Supplied data →
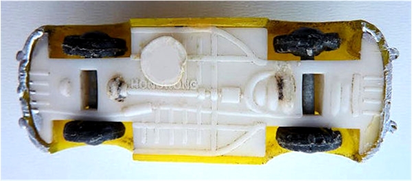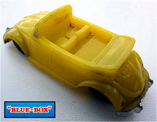 An early Volkswagen Convertible body made of plastic with the folded top down. Solid windshield and basic seat details. Headlights, front and rear bumpers painted silver and the taillights have a dab of red paint. Some are found without any painted details as well. 10 air louvers on the rear deck lid. Chassis has some ribbed details, drive shaft and an exhaust pipe with muffler. The plastic chassis has black plastic tires on metal axles. Chassis molded with HONG KONG.
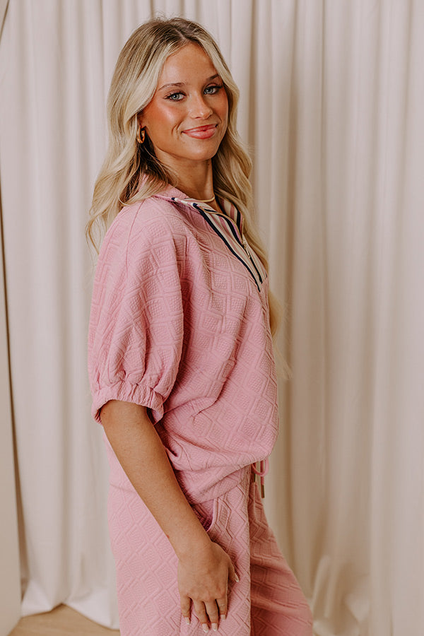 - A zippered v-cut neckline featuring cream, navy, and pink hued striped accent material
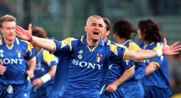 Finale de la ligue des champions 1996: la joie de Ravanelli après avoir ouvert la marque devant l’Ajax (©D.R.)
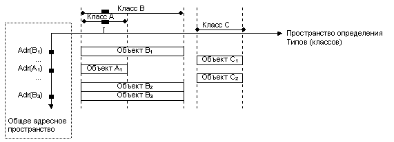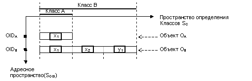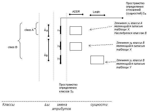 Рис. 5. O-проекция R*O-системы (Еще раз необходимо повторить, что пространство определения объектных типов является сложным и многомерным. Однако в любом случае оно может рассматриваться как проекция пространства с большим числом измерений ) Видно что данная проекция является О - системой, где каждый ее элемент (т.е. один из кортежей содержащих информацию об объекте) может быть идентифицирован выражением вида { ( адрес объекта в системе).(положение элемента в схеме (т.е. в классе) описывающей данный объект) }. Поэтому для однозначного определения элементов для каждого из них должна поддерживаться следующая информация.
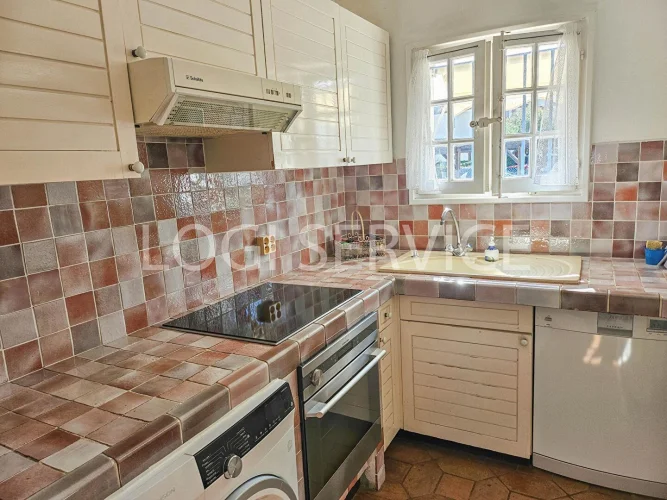 In a quiet and secure neighborhood, close to shops within walking distance, a house comprising on the ground floor an entrance hall with guest toilet, a kitchen and living room with fireplace, opening onto the terrace and the 13.40 x 4.40 m mooring.
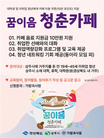 이 사업은 미취업 청년들에게 카페 이용 쿠폰(10만 포인트)을 지원하고, 상주 청년이 직접 운영하는 지역 내 지정 카페 4곳에서 사용 가능하도록 한 것이 핵심이다.
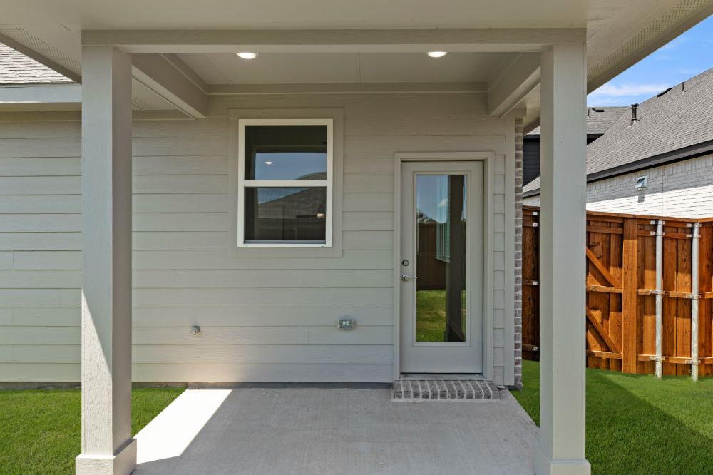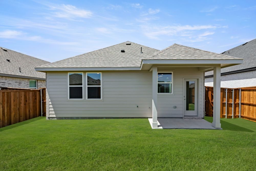 This single-story home offers a well-planned layout with an owner’s suite featuring a private bath and walk-in closet, located at the back of the house for privacy. The open-concept kitchen, dining, and family room create a seamless flow for both everyday living and entertaining, with access to a covered patio for outdoor enjoyment. Two secondary bedrooms share a full bath, while the laundry room is conveniently placed near the garage entry. With a welcoming foyer, covered porch, and two-car garage, this design blends comfort, efficiency, and style in a compact yet spacious plan.
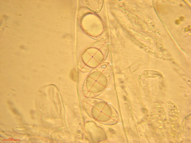 Mir fällt gerade ein, ich hatte die Fruchtkörper mitgenommen. Die sind zwar arg vertrocknet, aber Sporen müssten zu finden sein. Ich poste morgen mal ein paar Bilder.
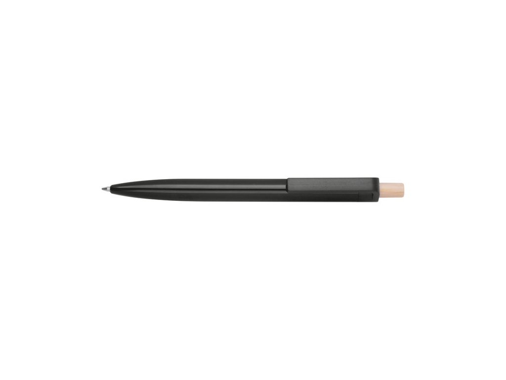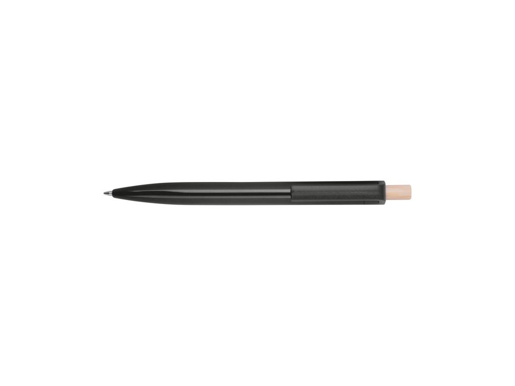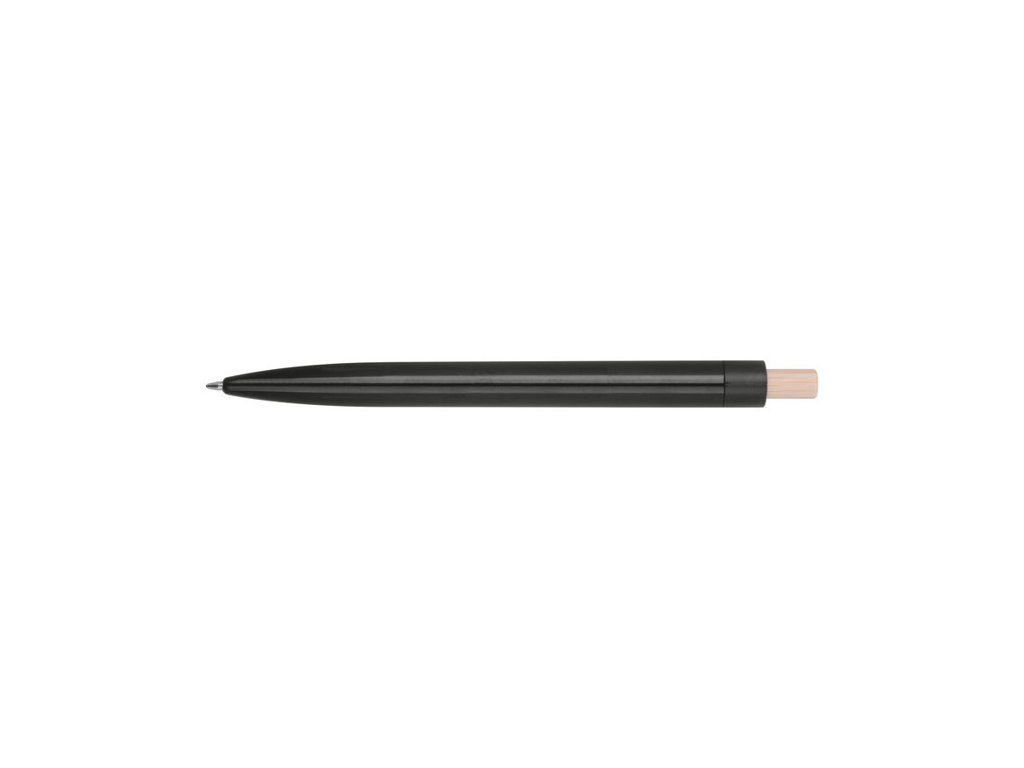 Guľôčkové pero vyrobené z recyklovaného ABS s tlačidlom z bambusu. Obsahuje modrú plastovú náplň.
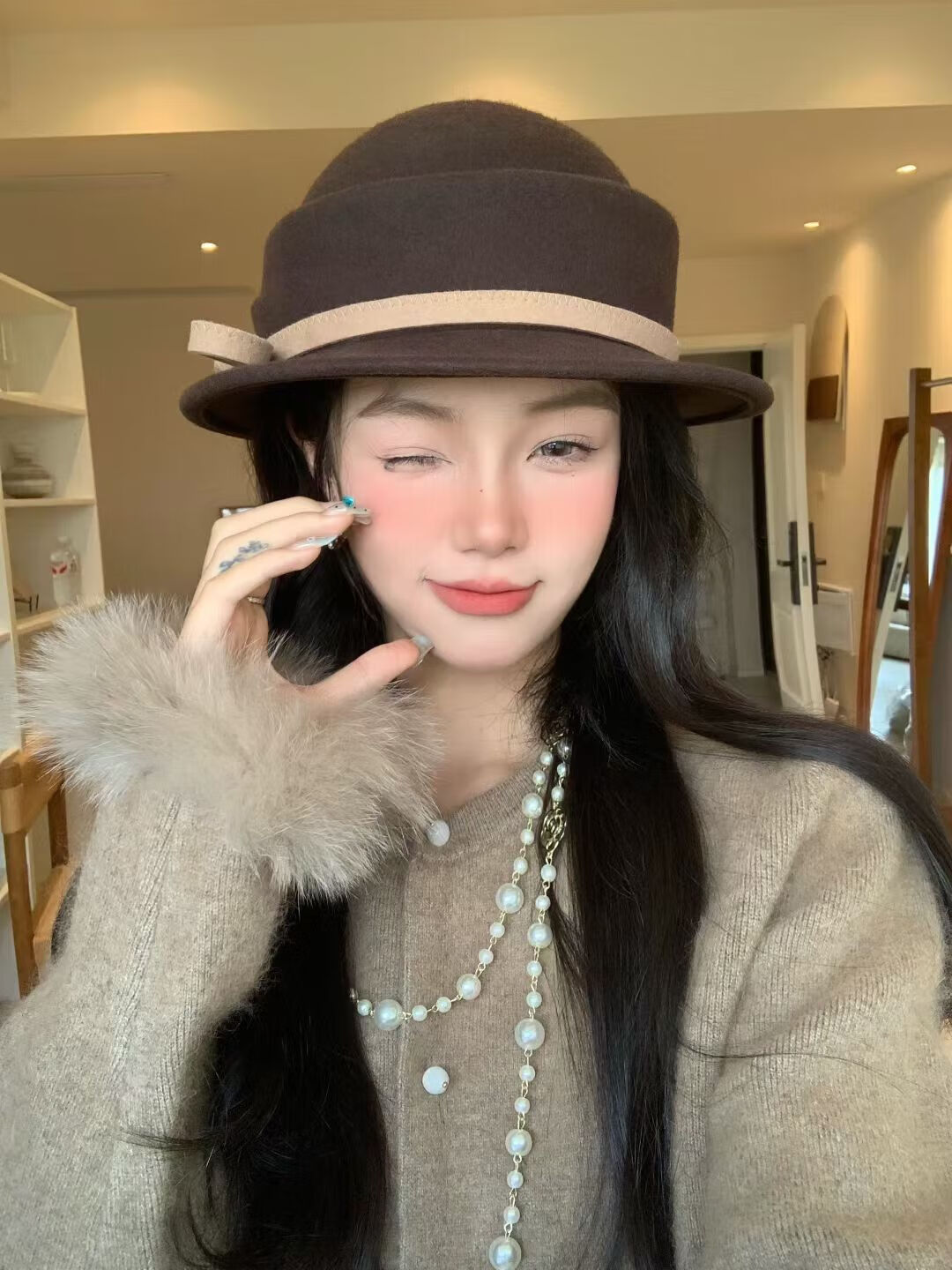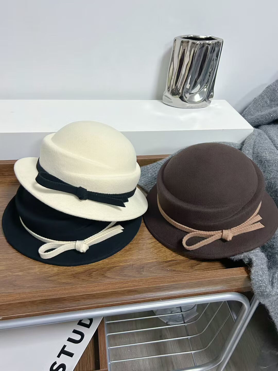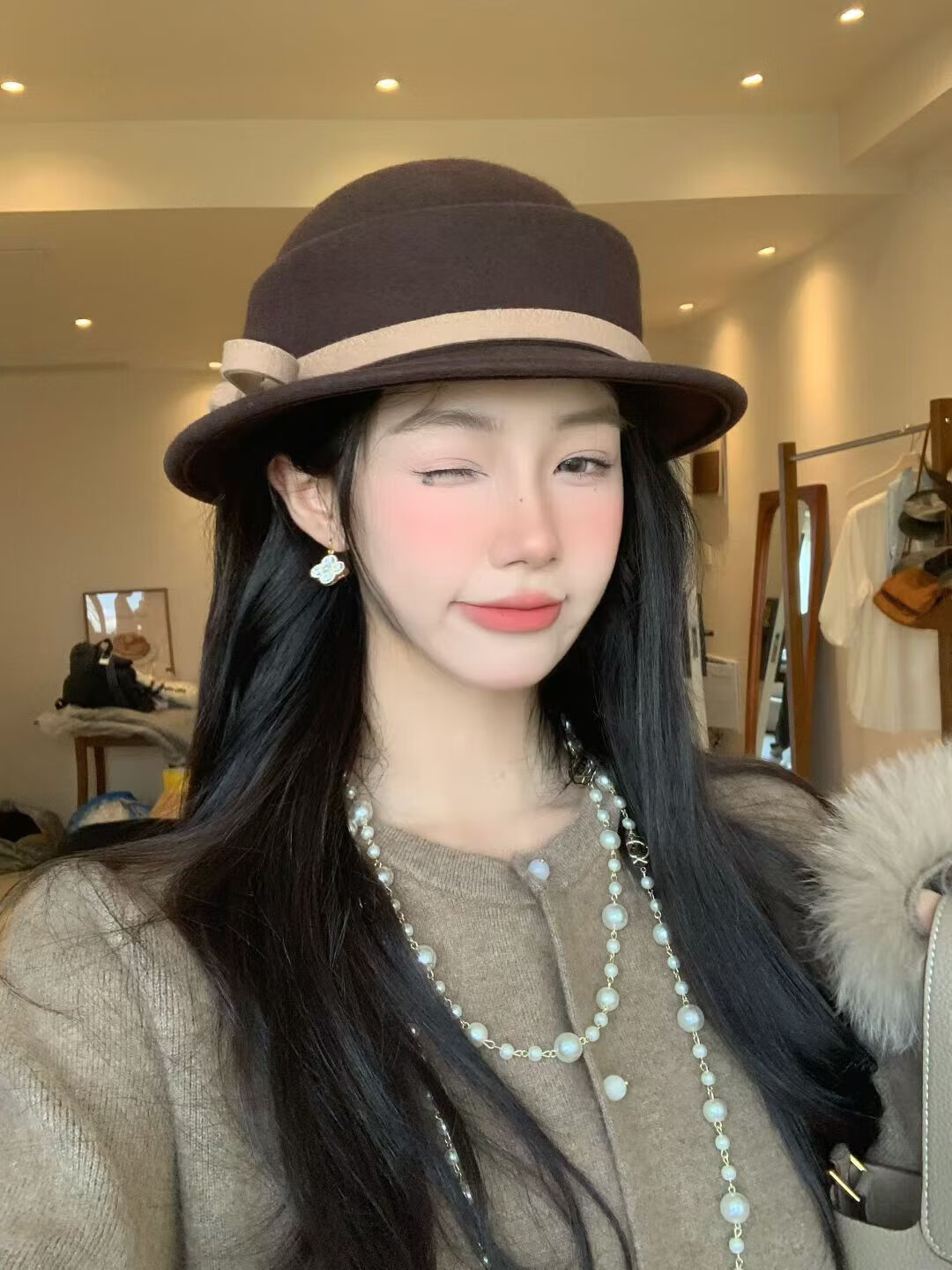 Zhi Yunyan Hepburn style woolen beret women's autumn and winter French retro basin hat wool top hat elegant temperament bow decoration coffee color M 56-58cm
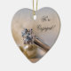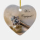 Conmemorar el día en que aceptaste su propuesta de matrimonio con el elegante Anillo de Diamantes y el Ornamento Corazón de Compromiso de Perlas. Este elegante personalizado We're Engaged Ornament presenta una fotografía de primer plano de un anillo de compromiso de diamantes de corte redondo y un collar de perlas blancas.
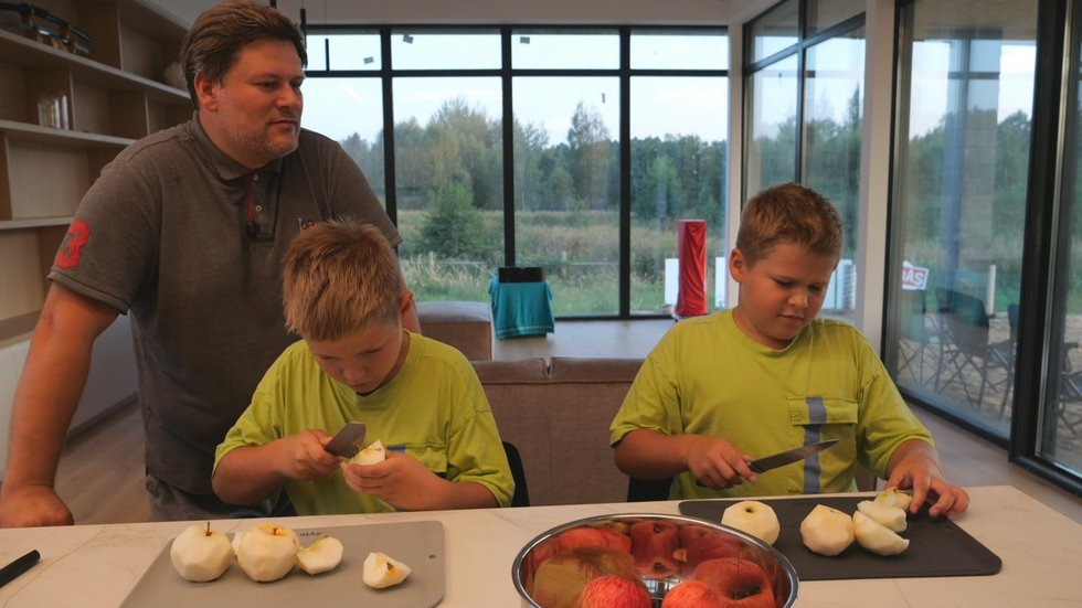 „Stengiamės daryti taip, kad nereikėtų vienam žmogui užversti viso darbo, todėl pasiskirstome, kas ką daro. Močiutė pagamina vieną patiekalą, aš – kitą, Merūnas dar kuo nors prisideda.
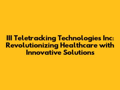 Hey everyone! Ever heard of III Teletracking Technologies Inc? If you're plugged into the healthcare industry, chances are you have. They're a big deal, and for good reason! This article dives deep into what makes Teletracking tick, exploring their groundbreaking technology, how it's changing the healthcare landscape, and what the future might hold. Ready to get started?

Activity →
Repeat the data verbatim, excluding all pictures.

Solution for this task →
 An early Volkswagen Convertible body made of plastic with the folded top down. Solid windshield and basic seat details. Headlights, front and rear bumpers painted silver and the taillights have a dab of red paint. Some are found without any painted details as well. 10 air louvers on the rear deck lid. Chassis has some ribbed details, drive shaft and an exhaust pipe with muffler. The plastic chassis has black plastic tires on metal axles. Chassis molded with HONG KONG.
 - A zippered v-cut neckline featuring cream, navy, and pink hued striped accent material
 Finale de la ligue des champions 1996: la joie de Ravanelli après avoir ouvert la marque devant l’Ajax (©D.R.)
 Рис. 5. O-проекция R*O-системы (Еще раз необходимо повторить, что пространство определения объектных типов является сложным и многомерным. Однако в любом случае оно может рассматриваться как проекция пространства с большим числом измерений ) Видно что данная проекция является О - системой, где каждый ее элемент (т.е. один из кортежей содержащих информацию об объекте) может быть идентифицирован выражением вида { ( адрес объекта в системе).(положение элемента в схеме (т.е. в классе) описывающей данный объект) }. Поэтому для однозначного определения элементов для каждого из них должна поддерживаться следующая информация.
 In a quiet and secure neighborhood, close to shops within walking distance, a house comprising on the ground floor an entrance hall with guest toilet, a kitchen and living room with fireplace, opening onto the terrace and the 13.40 x 4.40 m mooring.
 이 사업은 미취업 청년들에게 카페 이용 쿠폰(10만 포인트)을 지원하고, 상주 청년이 직접 운영하는 지역 내 지정 카페 4곳에서 사용 가능하도록 한 것이 핵심이다.
 This single-story home offers a well-planned layout with an owner’s suite featuring a private bath and walk-in closet, located at the back of the house for privacy. The open-concept kitchen, dining, and family room create a seamless flow for both everyday living and entertaining, with access to a covered patio for outdoor enjoyment. Two secondary bedrooms share a full bath, while the laundry room is conveniently placed near the garage entry. With a welcoming foyer, covered porch, and two-car garage, this design blends comfort, efficiency, and style in a compact yet spacious plan.
 Mir fällt gerade ein, ich hatte die Fruchtkörper mitgenommen. Die sind zwar arg vertrocknet, aber Sporen müssten zu finden sein. Ich poste morgen mal ein paar Bilder.
 Guľôčkové pero vyrobené z recyklovaného ABS s tlačidlom z bambusu. Obsahuje modrú plastovú náplň.
 Zhi Yunyan Hepburn style woolen beret women's autumn and winter French retro basin hat wool top hat elegant temperament bow decoration coffee color M 56-58cm
 Conmemorar el día en que aceptaste su propuesta de matrimonio con el elegante Anillo de Diamantes y el Ornamento Corazón de Compromiso de Perlas. Este elegante personalizado We're Engaged Ornament presenta una fotografía de primer plano de un anillo de compromiso de diamantes de corte redondo y un collar de perlas blancas.
 „Stengiamės daryti taip, kad nereikėtų vienam žmogui užversti viso darbo, todėl pasiskirstome, kas ką daro. Močiutė pagamina vieną patiekalą, aš – kitą, Merūnas dar kuo nors prisideda.
 Hey everyone! Ever heard of III Teletracking Technologies Inc? If you're plugged into the healthcare industry, chances are you have. They're a big deal, and for good reason! This article dives deep into what makes Teletracking tick, exploring their groundbreaking technology, how it's changing the healthcare landscape, and what the future might hold. Ready to get started?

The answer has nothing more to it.